IT Management

Every CIO has contemplated at some point replacing the mainframe with a completely server-based data center. It’s a no-brainer, right? The servers are so easy to use; they’re flexible, elegant, and virtualized. In addition, you no longer have to worry about where to find mainframe-experienced personnel. Ah, if only it were that simple …

There are many things a CIO must consider when mainframe and distributed server systems are present in an organization, including:

  • Mainframe vs. distributed server farm electricity and space costs
  • Quantity of mainframe personnel needed vs. distributed server farm personnel needed
  • Mainframe up-time and security vs. distributed server farm up-time and security
  • Mainframe TCO vs. distributed server farm TCO over a five-year period
  • The effectiveness of mainframe virtualization vs. distributed server farm virtualization
  • Oracle and other license fee savings of consolidating Linux onto the mainframe vs. virtualized distributed server consolidation
  • More advanced IT technologies also exist on today’s mainframes, so new workloads can be created just as fast as on distributed server farms.
  • Finding mainframe-skilled personnel vs. finding distributed server-skilled personnel.

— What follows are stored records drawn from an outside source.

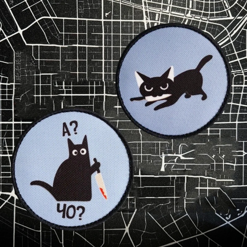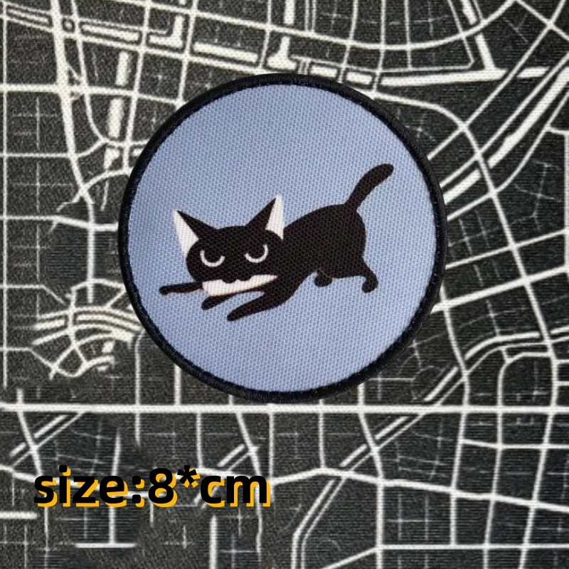 Robert's Cat Tactical Backpack Sticker Funny Meme Cat con un cuchillo Hook & Loop Morality Badge Chevron Morale Badge Parches de tela
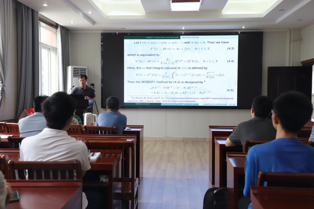 6月9日上午,应sunbet邀请,兰州大学陈明华教授作了题为《Weighted and shifted seven-step BDF for parabolic equations with nonsmooth data》的学术报告。报告会由李世顺教授主持,部分老师及研究生聆听了此次报告。
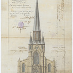 Opschrift: Eglise de N.D. Immaculée à Cureghem - Anderlecht. Achèvement de la tour. Omschrijving plan: opstand voorgevel Datum KCML: 30/10/1897 Archiefnummer: B1607
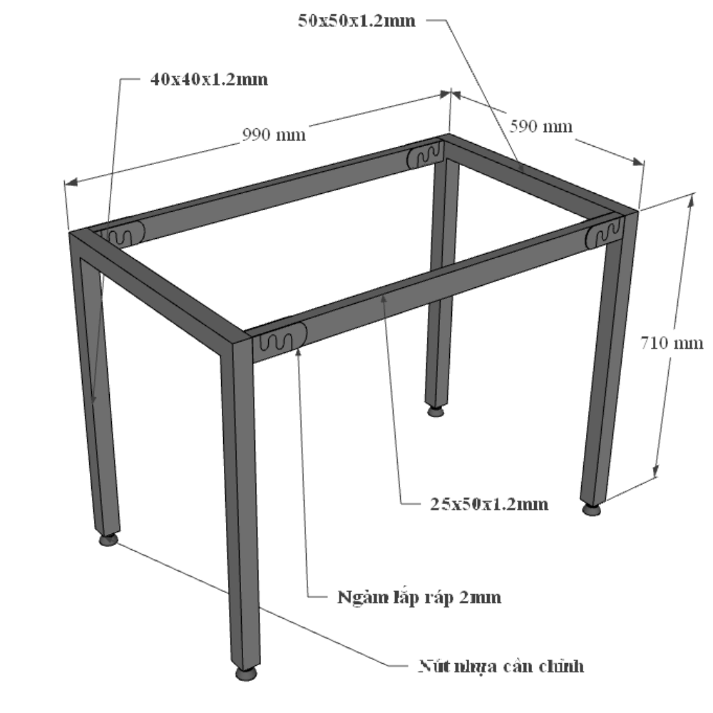 Chân bàn sắt cơ cấu lắp ráp ngàm tiện lợi nhưng vẫn đảm bảo độ chắn chắn

While there are many considerations, all CIOs would be well-advised to quickly banish the thought of replacing the mainframe with all distributed servers because they would face a very unpleasant surprise in the future. Here’s why.  

The Total Cost of Operations (TCO) for a mainframe is 10 times less than most distributed server farms and requires far fewer people to efficiently maintain and operate. Today, there are many CIOs with one or more mainframe systems and a vast number of distributed systems in place. Mainframes are less expensive than their distributed counterparts in several ways, including electricity, floor space, and manpower. So, when you choose the distributed servers over a mainframe, you lose tremendous competitive advantage. Worse yet, such a decision isn’t easy to reverse.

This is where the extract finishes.